• _WORK INSTRUCTIONS_
Return the data below exactly, but only from the line containing "Jedną z osób, które" through the line containing "We love you", with both of those lines included.

• _DATA SHOWN_
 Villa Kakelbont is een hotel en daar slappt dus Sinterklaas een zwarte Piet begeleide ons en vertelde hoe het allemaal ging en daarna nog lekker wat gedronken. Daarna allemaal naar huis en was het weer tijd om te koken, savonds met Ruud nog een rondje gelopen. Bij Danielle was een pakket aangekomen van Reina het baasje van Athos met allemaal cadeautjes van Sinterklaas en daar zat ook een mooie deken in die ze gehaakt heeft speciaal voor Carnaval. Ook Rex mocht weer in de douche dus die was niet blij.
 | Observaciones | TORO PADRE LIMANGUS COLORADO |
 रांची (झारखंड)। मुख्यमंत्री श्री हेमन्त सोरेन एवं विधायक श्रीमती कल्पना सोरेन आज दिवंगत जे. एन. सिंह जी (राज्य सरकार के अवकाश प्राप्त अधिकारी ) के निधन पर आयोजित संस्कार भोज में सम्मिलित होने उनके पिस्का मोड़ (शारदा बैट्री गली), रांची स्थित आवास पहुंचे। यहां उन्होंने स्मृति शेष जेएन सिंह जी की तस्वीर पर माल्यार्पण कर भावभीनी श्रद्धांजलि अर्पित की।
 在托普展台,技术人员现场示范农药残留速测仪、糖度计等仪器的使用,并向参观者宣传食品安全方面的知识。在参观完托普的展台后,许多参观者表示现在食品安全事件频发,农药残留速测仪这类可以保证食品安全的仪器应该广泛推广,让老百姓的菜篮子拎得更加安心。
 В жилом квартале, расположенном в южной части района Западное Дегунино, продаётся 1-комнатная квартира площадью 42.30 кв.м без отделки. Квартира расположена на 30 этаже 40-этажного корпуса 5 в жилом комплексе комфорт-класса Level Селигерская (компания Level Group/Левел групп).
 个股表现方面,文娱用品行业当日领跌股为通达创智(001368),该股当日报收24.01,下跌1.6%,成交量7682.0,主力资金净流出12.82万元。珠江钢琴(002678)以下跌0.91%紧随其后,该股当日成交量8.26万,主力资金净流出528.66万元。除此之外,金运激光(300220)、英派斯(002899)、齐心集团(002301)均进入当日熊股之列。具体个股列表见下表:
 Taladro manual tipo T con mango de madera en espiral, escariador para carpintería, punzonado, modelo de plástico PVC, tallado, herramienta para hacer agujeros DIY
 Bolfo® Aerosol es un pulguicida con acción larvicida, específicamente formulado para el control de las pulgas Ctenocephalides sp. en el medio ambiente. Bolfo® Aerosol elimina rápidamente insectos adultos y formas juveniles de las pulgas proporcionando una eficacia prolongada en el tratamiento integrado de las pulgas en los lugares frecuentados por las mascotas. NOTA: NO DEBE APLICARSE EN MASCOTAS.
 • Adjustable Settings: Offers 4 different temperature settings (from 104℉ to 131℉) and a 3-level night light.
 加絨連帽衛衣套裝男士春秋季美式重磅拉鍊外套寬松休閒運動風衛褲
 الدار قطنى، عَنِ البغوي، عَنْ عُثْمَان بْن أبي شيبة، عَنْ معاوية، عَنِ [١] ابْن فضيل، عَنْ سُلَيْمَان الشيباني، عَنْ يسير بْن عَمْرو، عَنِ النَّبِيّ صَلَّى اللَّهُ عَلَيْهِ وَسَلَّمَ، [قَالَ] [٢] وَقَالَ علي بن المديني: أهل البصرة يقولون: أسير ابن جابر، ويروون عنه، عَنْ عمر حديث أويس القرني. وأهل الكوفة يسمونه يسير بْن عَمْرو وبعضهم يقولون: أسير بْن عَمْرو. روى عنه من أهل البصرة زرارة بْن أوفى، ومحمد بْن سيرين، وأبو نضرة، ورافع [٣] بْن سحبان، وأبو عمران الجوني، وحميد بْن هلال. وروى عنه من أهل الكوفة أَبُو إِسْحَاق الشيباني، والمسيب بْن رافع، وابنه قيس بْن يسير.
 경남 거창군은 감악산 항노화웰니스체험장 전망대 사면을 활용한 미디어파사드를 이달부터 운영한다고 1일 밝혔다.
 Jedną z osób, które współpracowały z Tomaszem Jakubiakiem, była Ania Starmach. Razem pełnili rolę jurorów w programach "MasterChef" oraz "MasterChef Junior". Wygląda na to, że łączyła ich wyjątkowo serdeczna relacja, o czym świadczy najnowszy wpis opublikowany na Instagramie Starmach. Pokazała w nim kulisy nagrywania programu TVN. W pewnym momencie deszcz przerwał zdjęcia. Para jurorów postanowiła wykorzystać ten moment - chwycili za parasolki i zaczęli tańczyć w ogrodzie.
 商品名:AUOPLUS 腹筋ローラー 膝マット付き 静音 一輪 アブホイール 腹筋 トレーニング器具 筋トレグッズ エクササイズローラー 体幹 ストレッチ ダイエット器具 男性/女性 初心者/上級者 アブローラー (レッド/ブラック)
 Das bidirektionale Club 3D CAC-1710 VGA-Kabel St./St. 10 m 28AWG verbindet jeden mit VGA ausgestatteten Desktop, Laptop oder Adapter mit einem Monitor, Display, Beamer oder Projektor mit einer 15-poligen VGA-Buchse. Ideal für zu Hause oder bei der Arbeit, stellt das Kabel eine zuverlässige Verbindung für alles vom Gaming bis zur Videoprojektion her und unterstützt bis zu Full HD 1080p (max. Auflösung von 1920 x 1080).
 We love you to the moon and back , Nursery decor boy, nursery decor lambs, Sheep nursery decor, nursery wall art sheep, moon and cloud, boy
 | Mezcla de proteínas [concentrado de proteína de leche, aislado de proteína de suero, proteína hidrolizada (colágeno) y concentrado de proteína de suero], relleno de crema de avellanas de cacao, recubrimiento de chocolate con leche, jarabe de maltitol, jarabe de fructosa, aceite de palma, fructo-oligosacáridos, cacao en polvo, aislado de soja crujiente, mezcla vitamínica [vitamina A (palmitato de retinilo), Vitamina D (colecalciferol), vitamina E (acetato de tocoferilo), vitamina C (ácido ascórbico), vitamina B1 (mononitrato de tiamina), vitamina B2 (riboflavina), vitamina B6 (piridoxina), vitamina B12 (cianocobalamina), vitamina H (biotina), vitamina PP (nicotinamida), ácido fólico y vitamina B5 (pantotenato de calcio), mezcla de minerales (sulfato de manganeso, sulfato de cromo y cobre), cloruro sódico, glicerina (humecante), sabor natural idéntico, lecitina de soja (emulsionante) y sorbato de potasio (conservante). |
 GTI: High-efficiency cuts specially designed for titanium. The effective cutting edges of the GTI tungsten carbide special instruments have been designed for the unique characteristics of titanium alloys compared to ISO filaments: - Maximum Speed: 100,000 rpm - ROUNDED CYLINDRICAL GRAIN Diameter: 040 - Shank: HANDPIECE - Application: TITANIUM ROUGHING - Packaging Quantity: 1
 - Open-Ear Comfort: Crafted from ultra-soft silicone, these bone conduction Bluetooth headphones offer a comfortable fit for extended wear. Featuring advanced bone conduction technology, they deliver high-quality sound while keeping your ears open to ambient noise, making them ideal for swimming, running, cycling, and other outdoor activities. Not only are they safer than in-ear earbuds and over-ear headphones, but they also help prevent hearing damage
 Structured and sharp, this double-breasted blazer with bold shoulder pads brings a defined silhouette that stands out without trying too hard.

• _OUTPUT FOR THIS TASK_
 Jedną z osób, które współpracowały z Tomaszem Jakubiakiem, była Ania Starmach. Razem pełnili rolę jurorów w programach "MasterChef" oraz "MasterChef Junior". Wygląda na to, że łączyła ich wyjątkowo serdeczna relacja, o czym świadczy najnowszy wpis opublikowany na Instagramie Starmach. Pokazała w nim kulisy nagrywania programu TVN. W pewnym momencie deszcz przerwał zdjęcia. Para jurorów postanowiła wykorzystać ten moment - chwycili za parasolki i zaczęli tańczyć w ogrodzie.
 商品名:AUOPLUS 腹筋ローラー 膝マット付き 静音 一輪 アブホイール 腹筋 トレーニング器具 筋トレグッズ エクササイズローラー 体幹 ストレッチ ダイエット器具 男性/女性 初心者/上級者 アブローラー (レッド/ブラック)
 Das bidirektionale Club 3D CAC-1710 VGA-Kabel St./St. 10 m 28AWG verbindet jeden mit VGA ausgestatteten Desktop, Laptop oder Adapter mit einem Monitor, Display, Beamer oder Projektor mit einer 15-poligen VGA-Buchse. Ideal für zu Hause oder bei der Arbeit, stellt das Kabel eine zuverlässige Verbindung für alles vom Gaming bis zur Videoprojektion her und unterstützt bis zu Full HD 1080p (max. Auflösung von 1920 x 1080).
 We love you to the moon and back , Nursery decor boy, nursery decor lambs, Sheep nursery decor, nursery wall art sheep, moon and cloud, boy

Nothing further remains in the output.